Muita publicação é bom ou ruim?


Eis uma história comum na ciência atual: 

Durante muitos anos, o prestigiado periódico Philosophy & Public Affairs publicou cerca de 14 artigos revisados por pares por ano. Assim, sua pequena equipe voluntária, formada por acadêmicos renomados, ficou chocada ao descobrir que sua editora, a Wiley, estava exigindo um aumento significativo na produção, chegando, em determinado momento, a demandar 35 novos artigos em apenas 60 dias.

Em vez de comprometer o processo de revisão por pares e acelerar a publicação de trabalhos de baixa qualidade, a então editora-chefe Anna Stilz, da Universidade da Califórnia em Berkeley, liderou uma revolta que culminou na renúncia coletiva de toda a equipe editorial e do conselho da revista.

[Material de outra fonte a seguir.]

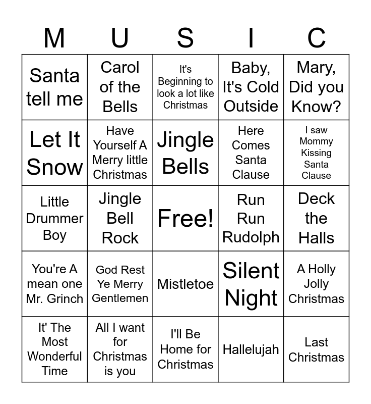 This bingo card has a free space and 30 words: All I want for Christmas is you, Santa Baby, Jingle Bell Rock, Rockin' around the Christmas tree, Santa tell me, It's Beginning to look a lot like Christmas, Have Yourself A Merry little Christmas, Mistletoe, Run Run Rudolph, I'll Be Home for Christmas, Deck the Halls, Last Christmas, Hallelujah, Frosty the Snowman, I saw Mommy Kissing Santa Clause, 12 Days of Christmas, Silent Night, You're A mean one Mr. Grinch, God Rest Ye Merry Gentlemen, Mary, Did you Know?, Little Drummer Boy, Do You Hear What I Hear?, Carol of the Bells, Here Comes Santa Clause, Let It Snow, Baby, It's Cold Outside, A Holly Jolly Christmas, It' The Most Wonderful Time, Jingle Bells and Rudolph The Red-Nosed Reindeer.

“A Wiley me disse que, se eu não publicasse mais, não teria um periódico por muito tempo. Essas conversas foram muito hostis”, afirmou Stilz, ao explicar as renúncias em massa. “Eu queria oferecer aos leitores trabalhos de alta qualidade. Nós éramos seletivos.”

O artigo sustenta que esse fenômeno representa uma ameaça à qualidade da pesquisa científica. Não sei se concordo integralmente, pois o crescimento do número de artigos publicados anualmente decorre não apenas dos incentivos à publicação, mas também da maior facilidade do processo, em função dos instrumentos de que dispomos hoje. Sem um computador, realizar uma regressão era um verdadeiro martírio; com ele, a regressão pode ser feita em poucos segundos. É evidente que, em um contexto de economia da atenção, muitas pesquisas acabarão recebendo pouquíssimas citações. Mas isso é necessariamente algo ruim?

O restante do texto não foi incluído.